Movement of the avatar is by using a 3D “jet-pack” analog.

​Edit Session

This concept is common in GIS software. The basic concept is that changes to geospatial data are complicated and have many interdependencies - which means that a simple “undo” function can get you into more problems than solutions! Therefore, the usual concept is, effectively, to create a simple type of “checkpoint” at the start of an Edit Session and to always be able to get back to the “checkpoint”. The “checkpoint” is always what is currently saved in the data file.

Notes

1 JSON.NET is a C# library and is available under an MIT Open Source Licence.

2 GeoJSON.NET is a C# library and is available under an MIT Open Source Licence.

3 Mapbox Unity SDK is a C# library that is available under an MIT Open Source Licence.

4 geometry3Sharp is a C# library that is available under a Boost Open Source Licence.

5 GDAL is a C++ library for accessing Geospatial Data Formats and is provided under a MIT/X license. GDAL is provided in ViRGIS as native DLL.

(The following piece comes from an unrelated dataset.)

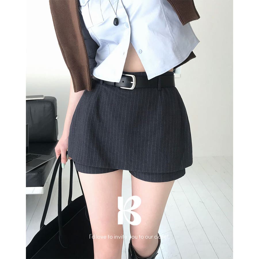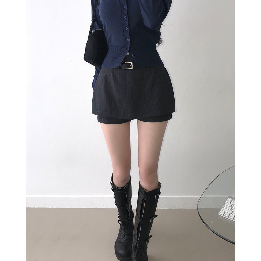メガ ストライプレイヤードスカートパンツ sk1160

6 PDAL is a C++ library for accessing Geospatial Point Cloud data and is provided under a BSD type license. PDAL is provided in ViRGIS as native DLL.

7 MDAL is a C++ library for accessing Geospatial Mesh and Graph data and is povided under a MIT type license. MDAL is provided in ViRGIS as a native DLL.

8 PROJ is a C++ library for managing CRS and for reprojecting between coordinate systems. PROJ is provided in ViRGIS as a native DLL as part of the GDAL integration.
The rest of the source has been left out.